(Recorded data)
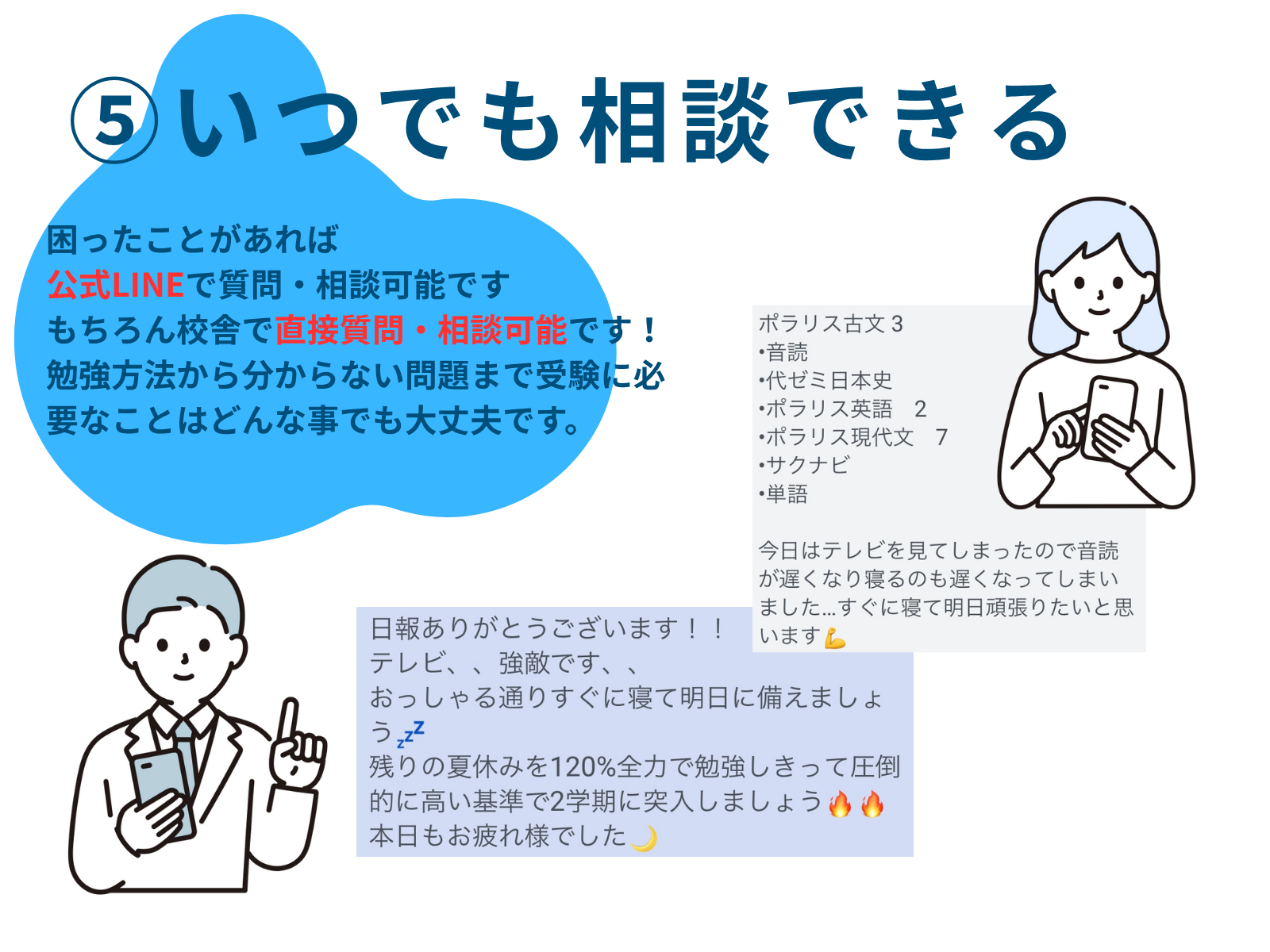 また質問は校舎で対面、公式LINEからのどちらからでもすることができます。
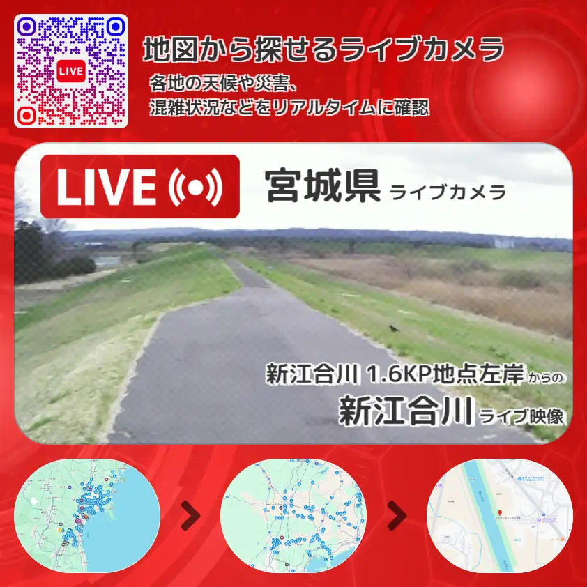新江合川 1.6KP地点左岸から、新江合川が確認できるライブカメラです。
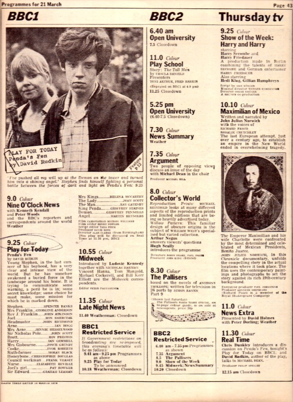 Ian Greaves, the author of Penda’s Fen: Scene by Scene agrees, telling me that: “Rudkin was asked about the term [folk horror] and dismissed it, saying 'it's a bloody political play.' Which I think it is.” Greaves elaborates that Penda’s Fen: “deals with unions, moral pressure groups, pollution, education...all sorts of things that resonated with viewers in 1974 and can still do so today.”
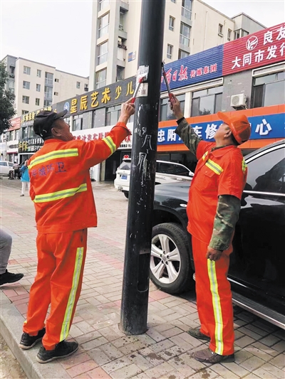 近日,平城区新旺街道柳港园南院社区党支部联合党建联盟成员单位平城区环卫清洁二公司、市国天安居物业管理有限公司,对辖区外围“野广告”进行集中清理,助力创城。 本报记者 杨翠叶
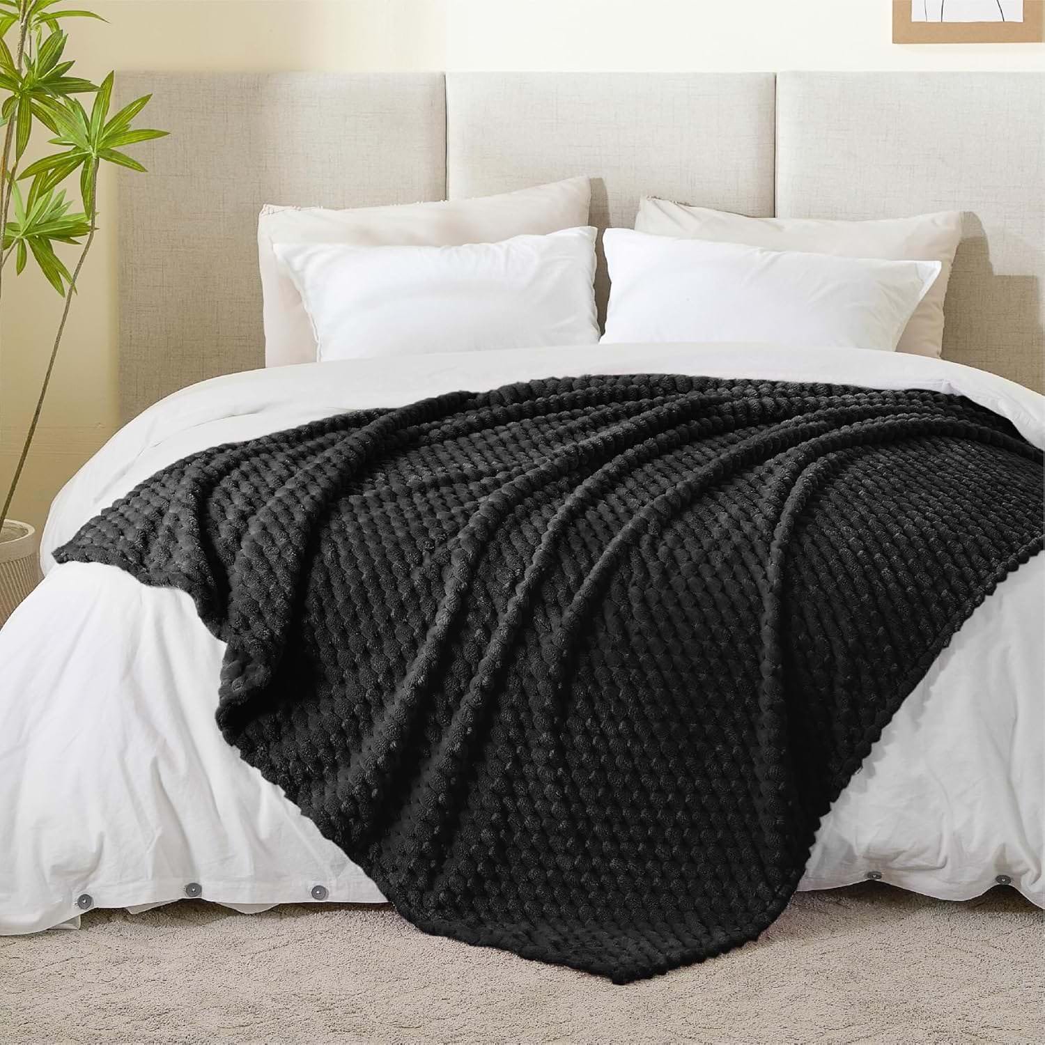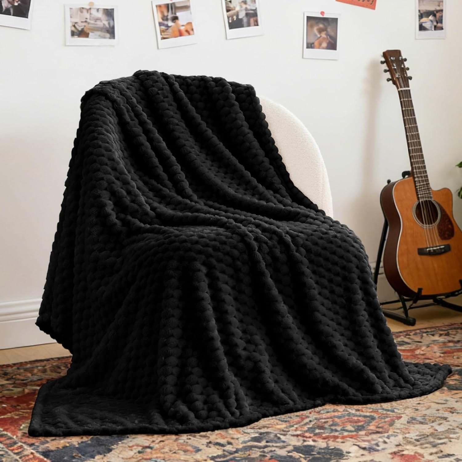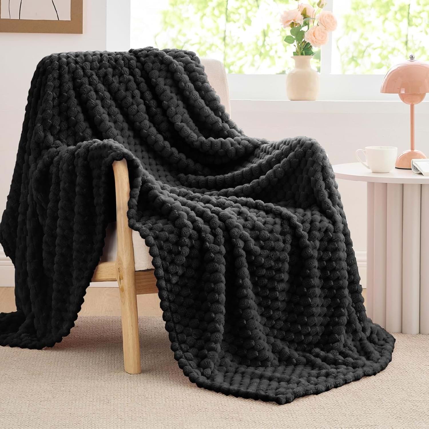 Dekoracyjny, wypukły wzór pięknie podkreśla strukturę koca i sprawia, że produkt wygląda efektownie nawet wtedy, gdy jest swobodnie ułożony na fotelu, sofie lub łóżku. Czarny kolor dodaje wnętrzu wyrazistości, głębi i eleganckiego charakteru. Dobrze komponuje się z bielą, beżem, szarością, drewnem, szkłem oraz złotymi lub srebrnymi dodatkami.
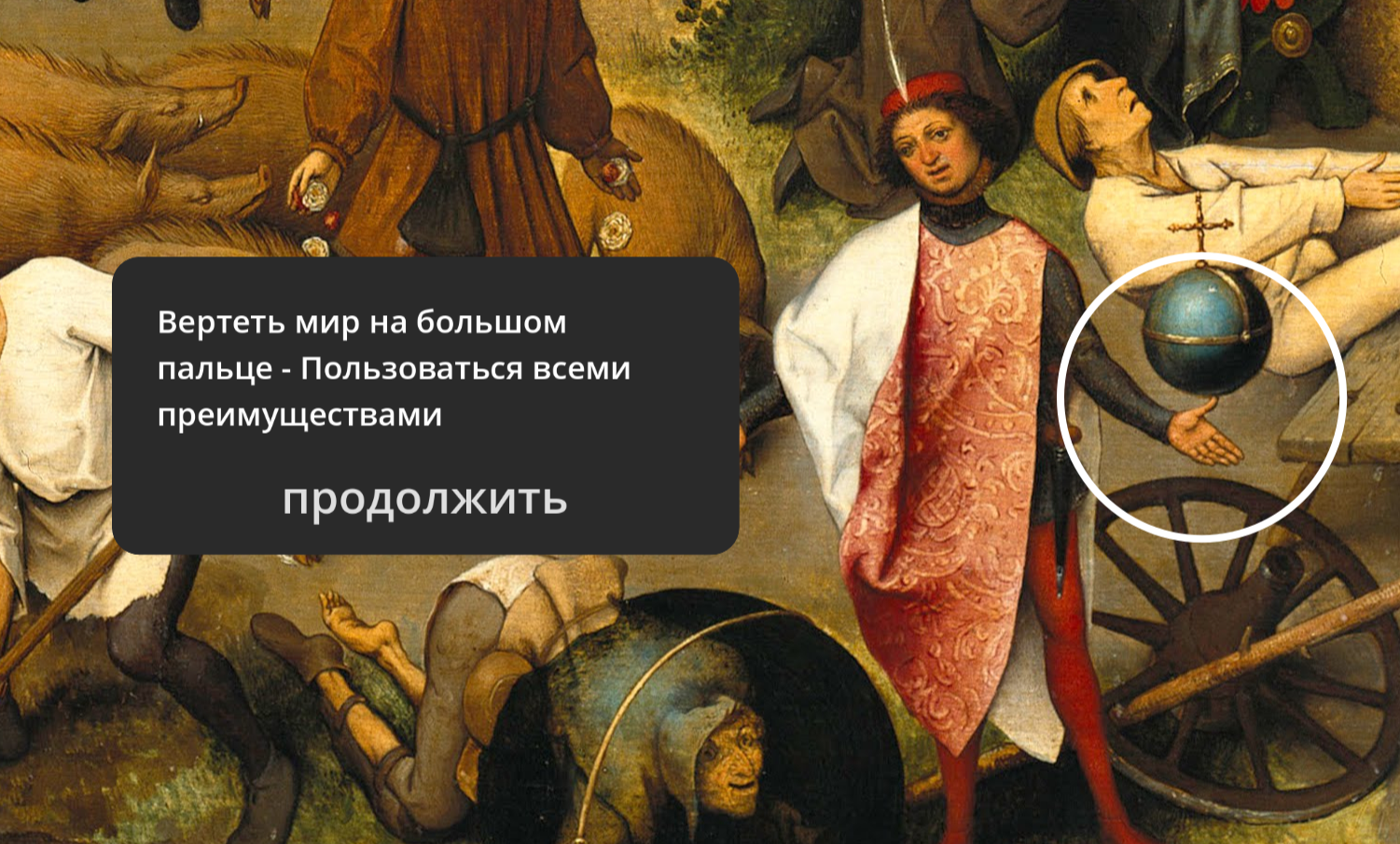 Небольшая игра, посвящённая поиску и знакомству с причудливыми и сюрреалистичными пословицами с картины Питера Брейгеля Старшего «Нидерландские пословицы»!
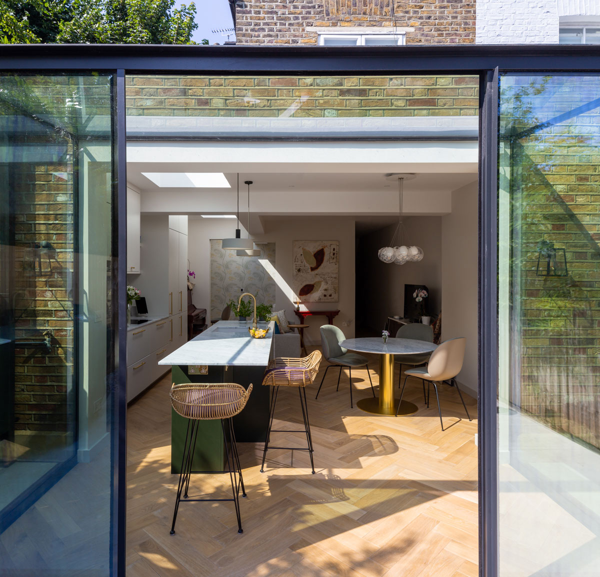 Remodelling, full-refurbishment and extension of a ground floor flat within a Victorian end-of-terrace property in North West London. The scheme creates an open-plan living space with a glass-box conservatory providing uninterrupted views into the garden. The whole flat was extensively refurbished, with lowered floors, new heating and electrics, new windows and doors, and new fixtures and finishes throughout. DMCA Architect's provided a full architectural service, from initial concept studies, through to handover, working closely with the Client occupier, other consultants and the Contractor. Design Stages: Stages 1-6 | Date: 2020-2021 | Contract Value: Approx. £250,000 | Contract: RIBA Domestic Contract Contractor: Pro Home Construction Ltd. Structural Engineer: SD Structures Party Walls: The Party Wall Collective Interior Design: Day True Garden Design: Sam Fuller Landscape Photo Credits: 1, & 2 © chromaphotography.co.uk
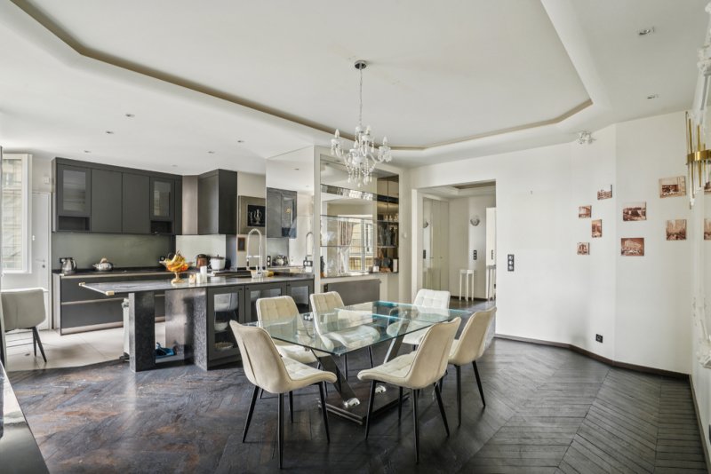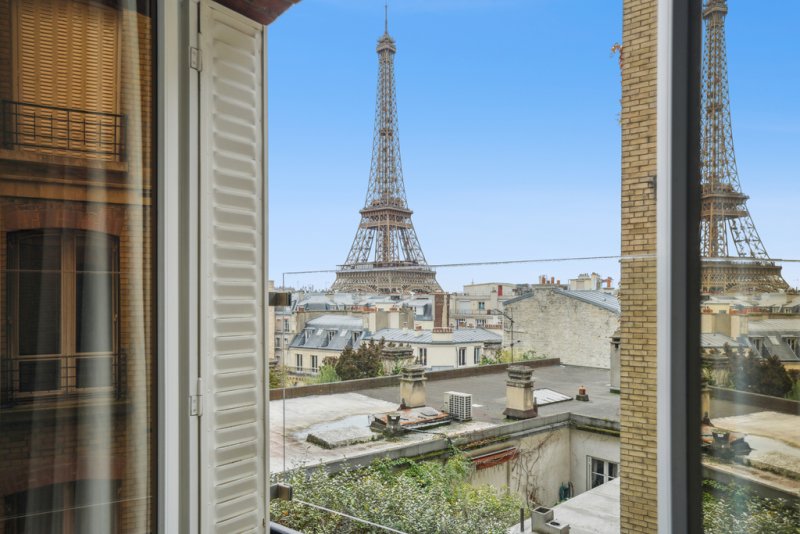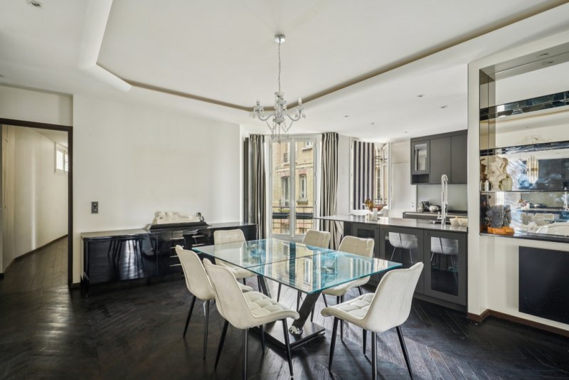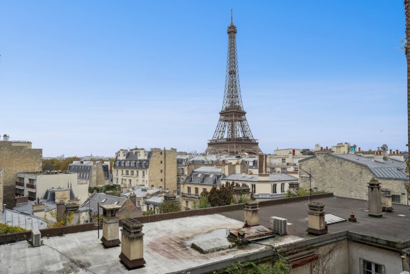 La cuisine indépendante est partiellement ouverte sur la salle à manger. L'appartement comprend actuellement trois chambres dont une suite parentale avec sa salle de bain et deux chambres partageant une salle d'eau. Une des chambres est dotée d'un cheminée et d'une vue Tour Eiffel de plain pied.
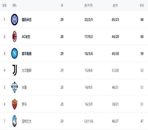 在積分榜上,國際米蘭依然占據榜首位置,戰績是22勝2平5負,拿到68分。而AC米蘭以60分排名第2,足足落后8分。不過,AC米蘭少踢1場,如果接下來的比賽能夠獲勝,就能夠把劣勢縮小到5分。那不勒斯贏球之后,以59分排名第3。那不勒斯落后國際米蘭9分,爭冠希望不大。尤文圖斯總積分達到53分,升到了第4名。科莫51分掉到第5名。羅馬也是51分,排名第6。
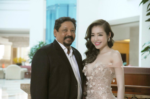 Elly Trần chụp hình cùng một nhà sản xuất phim Ấn Độ tại Việt Nam.
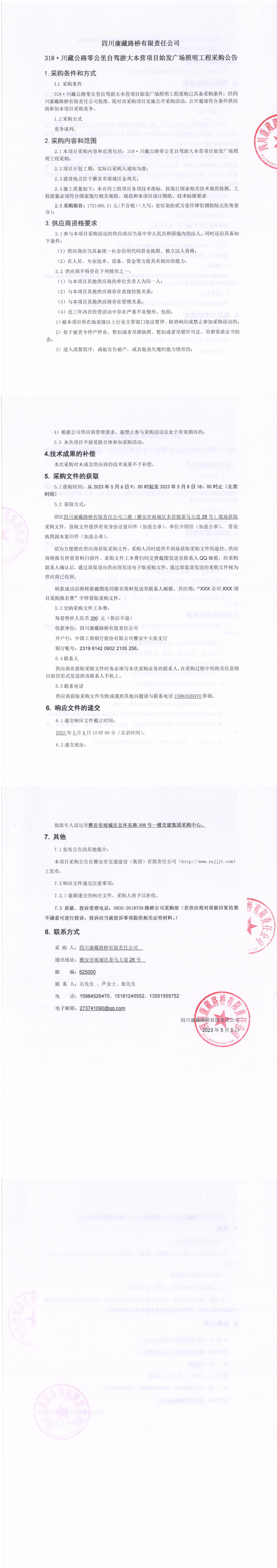四川康藏路橋有限責(zé)任公司318·川藏公路零公里自駕游大本營項目始發(fā)廣場照明工程采購公告

• Brief: Print, please, exactly the lines from the one holding "在積分榜上,國際米蘭依然占據" through the final line of the data, both included, while leaving out each picture.

• Result for this task:
 在積分榜上,國際米蘭依然占據榜首位置,戰績是22勝2平5負,拿到68分。而AC米蘭以60分排名第2,足足落后8分。不過,AC米蘭少踢1場,如果接下來的比賽能夠獲勝,就能夠把劣勢縮小到5分。那不勒斯贏球之后,以59分排名第3。那不勒斯落后國際米蘭9分,爭冠希望不大。尤文圖斯總積分達到53分,升到了第4名。科莫51分掉到第5名。羅馬也是51分,排名第6。
 Elly Trần chụp hình cùng một nhà sản xuất phim Ấn Độ tại Việt Nam.
四川康藏路橋有限責(zé)任公司318·川藏公路零公里自駕游大本營項目始發(fā)廣場照明工程采購公告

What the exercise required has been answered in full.